Myrtus communis (myrtle) has been recognized in Iran and has several therapeutic properties such as antioxidant (8, 9), antimicrobial (10, 11), anti-hyperglycemic (12), and analgesic effects (13). The antimicrobial activity of myrtle oil was known against Escherichia coli, Staphylococcus aureus and Candida albicans by Yadegarinia et al. (8). Also, antibacterial property of this plant was reported by Degtyareva et al. (14). Gunduz et al. reported that myrtle oil possess antibacterial action against Salmonella typhimorium (15), Lactobacillus spp., Yersinia enterocolitica (16, 17) and Helicobacter pylori (18). Weak antifungal activity of myrtle oil against Fusariumsolani, Rhizoctonia solani, and Colletotrichum linelemuthianum was reported (10).

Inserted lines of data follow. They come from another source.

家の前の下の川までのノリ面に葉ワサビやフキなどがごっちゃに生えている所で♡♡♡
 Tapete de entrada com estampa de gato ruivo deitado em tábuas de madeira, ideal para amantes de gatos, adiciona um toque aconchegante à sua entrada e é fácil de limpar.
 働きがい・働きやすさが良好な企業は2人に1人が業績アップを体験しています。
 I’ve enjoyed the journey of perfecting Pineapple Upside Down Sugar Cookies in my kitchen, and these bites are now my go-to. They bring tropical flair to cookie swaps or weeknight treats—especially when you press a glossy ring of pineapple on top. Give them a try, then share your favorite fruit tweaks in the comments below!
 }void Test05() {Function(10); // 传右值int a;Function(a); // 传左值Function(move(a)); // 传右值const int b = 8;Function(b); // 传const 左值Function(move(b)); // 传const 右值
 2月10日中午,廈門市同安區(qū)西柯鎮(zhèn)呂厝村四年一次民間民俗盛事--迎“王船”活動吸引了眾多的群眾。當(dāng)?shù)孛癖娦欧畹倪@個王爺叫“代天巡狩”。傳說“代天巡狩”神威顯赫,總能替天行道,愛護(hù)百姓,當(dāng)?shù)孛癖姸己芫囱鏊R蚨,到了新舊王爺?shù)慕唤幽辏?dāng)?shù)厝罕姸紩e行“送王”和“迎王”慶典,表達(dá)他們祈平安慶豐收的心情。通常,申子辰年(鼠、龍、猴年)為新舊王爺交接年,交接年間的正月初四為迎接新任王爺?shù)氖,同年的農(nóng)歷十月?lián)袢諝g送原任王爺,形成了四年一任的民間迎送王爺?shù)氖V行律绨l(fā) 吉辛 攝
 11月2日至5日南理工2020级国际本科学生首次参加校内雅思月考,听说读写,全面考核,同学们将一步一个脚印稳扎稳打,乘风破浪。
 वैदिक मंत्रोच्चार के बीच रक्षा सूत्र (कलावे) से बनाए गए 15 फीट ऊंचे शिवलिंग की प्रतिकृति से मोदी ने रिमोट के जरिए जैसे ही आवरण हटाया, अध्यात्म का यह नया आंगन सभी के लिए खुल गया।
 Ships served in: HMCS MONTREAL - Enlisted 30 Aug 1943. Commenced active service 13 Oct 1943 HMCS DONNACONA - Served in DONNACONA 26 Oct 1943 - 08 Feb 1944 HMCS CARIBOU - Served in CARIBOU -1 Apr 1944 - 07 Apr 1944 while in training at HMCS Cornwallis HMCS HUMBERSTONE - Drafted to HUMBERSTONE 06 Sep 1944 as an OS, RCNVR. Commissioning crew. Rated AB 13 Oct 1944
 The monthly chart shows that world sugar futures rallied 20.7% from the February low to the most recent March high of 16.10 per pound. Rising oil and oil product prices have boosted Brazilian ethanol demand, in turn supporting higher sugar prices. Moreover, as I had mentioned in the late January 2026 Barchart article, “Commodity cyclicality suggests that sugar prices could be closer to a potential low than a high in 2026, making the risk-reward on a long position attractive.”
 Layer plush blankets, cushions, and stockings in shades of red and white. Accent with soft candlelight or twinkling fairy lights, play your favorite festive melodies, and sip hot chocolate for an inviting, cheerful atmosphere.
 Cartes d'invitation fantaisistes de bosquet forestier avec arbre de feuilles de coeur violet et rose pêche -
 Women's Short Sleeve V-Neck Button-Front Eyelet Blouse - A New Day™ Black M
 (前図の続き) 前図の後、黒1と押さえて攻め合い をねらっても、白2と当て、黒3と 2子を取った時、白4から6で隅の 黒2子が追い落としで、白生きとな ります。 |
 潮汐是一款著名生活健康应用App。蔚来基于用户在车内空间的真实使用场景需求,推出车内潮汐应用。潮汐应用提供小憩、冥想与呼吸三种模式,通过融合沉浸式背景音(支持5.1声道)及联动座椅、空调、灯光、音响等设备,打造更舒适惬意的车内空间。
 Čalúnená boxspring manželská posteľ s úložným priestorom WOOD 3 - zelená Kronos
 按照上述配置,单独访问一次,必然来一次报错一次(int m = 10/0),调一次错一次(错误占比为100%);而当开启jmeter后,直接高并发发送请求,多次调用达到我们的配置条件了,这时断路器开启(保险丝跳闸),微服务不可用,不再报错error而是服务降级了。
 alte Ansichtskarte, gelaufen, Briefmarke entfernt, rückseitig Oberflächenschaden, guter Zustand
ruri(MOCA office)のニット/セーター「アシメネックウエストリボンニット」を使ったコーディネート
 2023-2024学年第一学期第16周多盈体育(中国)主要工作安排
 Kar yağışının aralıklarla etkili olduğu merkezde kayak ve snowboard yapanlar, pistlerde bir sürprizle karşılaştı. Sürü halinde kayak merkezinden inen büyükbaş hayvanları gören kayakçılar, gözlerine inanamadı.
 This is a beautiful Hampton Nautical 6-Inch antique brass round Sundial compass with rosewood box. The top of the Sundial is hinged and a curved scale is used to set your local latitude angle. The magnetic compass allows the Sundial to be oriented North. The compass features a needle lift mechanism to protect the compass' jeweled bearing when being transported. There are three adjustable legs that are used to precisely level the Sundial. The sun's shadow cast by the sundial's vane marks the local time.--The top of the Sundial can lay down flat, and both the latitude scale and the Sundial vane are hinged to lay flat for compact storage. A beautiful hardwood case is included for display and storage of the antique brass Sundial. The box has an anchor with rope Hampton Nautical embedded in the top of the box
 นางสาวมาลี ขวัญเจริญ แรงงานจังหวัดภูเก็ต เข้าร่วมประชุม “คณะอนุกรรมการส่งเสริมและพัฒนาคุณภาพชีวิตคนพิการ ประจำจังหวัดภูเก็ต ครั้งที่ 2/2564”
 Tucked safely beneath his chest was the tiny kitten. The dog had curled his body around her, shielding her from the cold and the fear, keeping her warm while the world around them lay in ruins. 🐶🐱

Previous studies have revealed the chemical composition of myrtle oil from leaves (8, 19-22).
2. Objectives
The present investigation aimed to assess the antifungal efficacy of the ethanolic extract of Myrtus communis.
3. Materials and Methods
3.1. Plant Material
Leaves of Myrtus communis L. were obtained from Agricultural and Natural Resources Center, Ahvaz, Iran. They were dried in shade, powdered in miller, and stored in an airtight bottle for future work.
3.2. Plant Extraction
Ten grams of plant powder were soaked in 100 mL of 80% ethanol and kept on a rotary shaker for 3 × 24 hours at room temperature. Then crude ethanol extract was filtered using Whatman filter paper No.1, and the supernatant of extract was evaporated to dryness at room temperature. Dried extract was stored in sterile bottles and kept at -20°C for assay.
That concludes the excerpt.